Observation #1 - The Front End is in the Perf Dashboard Plugin

This dashboard is part of the core system plugin, ‘Performance Dashboards’ (com.glide.performance_dashboards'), which is an extremely lightweight plugin for just housing the shell UI and a couple supporting scripts.

Observation #2 - The Library used is JRobin (Derived from RRDtool)

Within the scripts you can see data references to tables starting with jrobin, and those point to the JRobin Plugin (RRDS), which is just a Java implementation of the RRDtool system. They even kept the Robin Robin heritage by letting the table labels start with ‘Round Robin’. It’s worth noting that you can’t see any of these jrobin tables OOB, they are locked down to maint, I had to go into each individual read ACL, and add roles to be able to view it.

rrdtool.png

Observation #3 - ServiceNow uses an RRDTool Database to Store Monitoring data

This leads us to a another discovery, that all this data is being parsed from an Round Robin Database (RRD), and then there are supporting tables in ServiceNow which define the data refresh intervals (spoiler, they all refresh every 2min), and information about the Round Robin Archive. I found a good introduction to RRD here.

Observation #4 - ServiceNow Undocumented Monitoring APIs

While snooping around in the client side javascript, I found reference to the APIs which are called to provide the data. The sys_id’s needed to call these APIs are the in jrobin tables, and there is also other client side parameters.

p = "/api/now/v1/performance_dashboards/data_categories",
f = "/api/now/v1/performance_dashboards/graphs/overlays",
m = "/api/now/v1/performance_dashboards/graphs/category/<dataCategoryId>",
g = "/api/now/v1/performance_dashboards/graphs/<graphSysId>",
y = "/api/now/v1/performance_dashboards/events",
v = "/api/now/v1/performance_dashboards/nodes",
_ = "api/now/v1/performance_dashboards/suggestions"

Future Observations…

I would like to look more into the list of jrobin_graph_line’s and understand how the aggregator relates to the data source (jrobin_datasource).

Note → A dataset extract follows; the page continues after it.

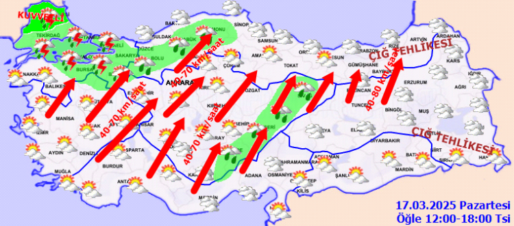 ANKARA (İGFA) – Meteoroloji Genel Müdürlüğü, 17 Mart Pazartesi gününe ilişkin hava tahmin raporunu yayımladı.

I want to do some testing and see what format and parameters are needed to use those Performance Dashboards APIs.

I find it interesting how rrd4j appears to be the more widely adopted java port of RRDTool, vs jrobin. I could see ServiceNow eventually move to this, if they don’t discontinue or entirely re-structure their db monitoring backend. But ServiceNow has stuck with JRobin since 2006, so I find it doubtful it would change any time soon.